# MY Bragg



## allieg (Nov 4, 2008)

So Athena is 9 months old so I decided to see if I could do in town errands and let her not be crated.I crated Lexi though cause she eats anything in sight if no one is around to catch her.I closed the bathroom door,gated the hall so she couldn't have kitty fudge and closed the livingroom off.She had the kitchen and bedroom.SHE DID IT.I was gone an hour or so and she didn't touch a thing,not the garbage, not shoes, nothing.I think she layed on the bed watching Lexi in her crate,probably trying to figure out a way to bust her out.For her good behaviour I have a big juice meat bone for her to eat outside today.YEAH she did it.


----------



## SunCzarina (Nov 24, 2000)

WooHoo Athena! 

Little cuz Otto has been box free for about a week. We've been working up to it during the day for about 3 months now of an hour or 2 while I was doing errands or doing the dropoff/pickup with the kids at school.


----------



## sam the sheperd (Jan 11, 2009)

That's great news Allie!

I've never heard it called "kitty fudge" before, I've always used "Scooby snacks".


----------



## allieg (Nov 4, 2008)

> Originally Posted By: sam the shepherdThat's great news Allie!
> 
> I've never heard it called "kitty fudge" before, I've always used "Scooby snacks".

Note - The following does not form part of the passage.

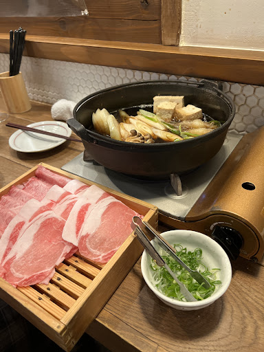 Read moreすき焼きなのに一人前1980円。正直クオリティが不安になる値段だったが、肉質は最高。肉も野菜も少ないなんてことはない。なかなか上質な霜降り具合な和牛でびっくりするはず。卵でなく出汁をつけながら食べるのが、脂の具合と程よくあい、くどくなりすぎず最後まで美味しくいただける。安さの理由は一頭買いしてるからこそ実現可能な値段とのこと。サイドメニューも...

Kitty fudge with sprinkles MMGood.


----------



## sam the sheperd (Jan 11, 2009)

I guess I got a while to get there. Right now the cat box, and the cats for that matter are in the basement, and Sam really doesn't do "down the stairs" yet.....


----------



## gsdlove212 (Feb 3, 2006)

Yay! A milestone for sure!


----------



## Suki's Mom (Nov 24, 2008)

Great! Suki still gets crated if we're both out of the house, (except for a few short periods when DH was clearing the driveway - we don't want her outside when he's using the snowblower) but we'd like her to get more privileges - it's just scary to leave her uncrated, lol!


----------



## Sherush (Jan 12, 2008)

Jesse officially became uncrated and has had full run of the house as of 6 months, now he is 15 months today and only left alone at the max of 3 hours at a time and hasn't done anything wrong, basically sleeps, we recorded him on a web camera we have set up in the living room (in the beginning to test him), we bought it and installed it when he was crated so I could watch and hear him from work, and also when he is outside we can watch him online outside and know when he wants in or gets into trouble out there.


----------



## kleinenHain (Sep 20, 2007)

Congrats, Drake is no where close to that yet.


----------